It's helpful to include the year in the article header because;

Everything may have been true at the time of writing, but details may be obsolete. For example this article refers to Neo4j. Knowing the article is 4 years old helps me understand that comment is not current.

The landscape can change quickly. The older an article the more one takes that into account. Given that this article promotes an alternative technique, Knowing the article is old allows me to wonder if any of the suggestions were gelled, and if so to what success.

In this case, since SQL has been around since the 70s, it's not surprising that the complaints are not novel, and are all likely to be true for years to come. SQL has truly enormous inertia on its side though.


The year can help for sure - is the article's content still relevant and current in your mind?
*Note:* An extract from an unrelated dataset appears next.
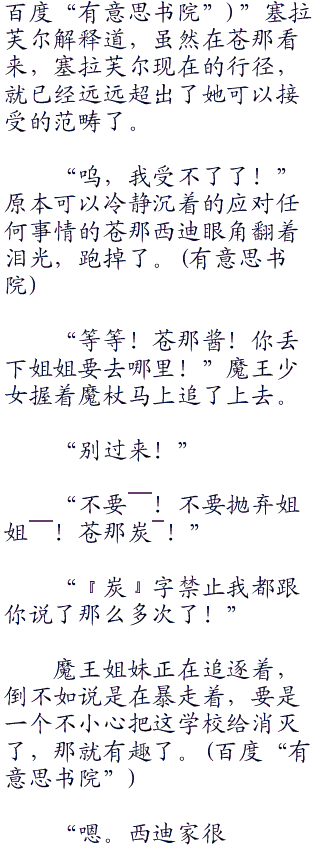 “苍那酱,怎么了?脸好红哦?难得与身为姐姐的我再会,我觉得更高兴一点也是可以的哦?”塞拉芙尔倒是丝毫不觉得尴尬的在苍那耳旁念叨着,“姐姐我啊,觉得在这里出现喊着『姐姐大人!』『苍那酱!』互相拥抱的百合展开也是可以的哦!”

On one hand SQL, is the most established relational db. Not sure what might drastically change about.

Python and Javascript are from the 90’s and have evolved as a language in their own way like SQL and others.

I was asking about the year as an individual comment here to understand what significance the year relative to the content of the topic it bore.


It's a HN convention for all posts: If it wasn't from within the past year or so, the year it was posted gets added to the title.

Having to think about it per-topic is just making it more complicated for no good reason. Especially since SQL does get new additions.

People posts comments like that as a reminder because the title originally didn't have it in there, someone edited it in after the comment.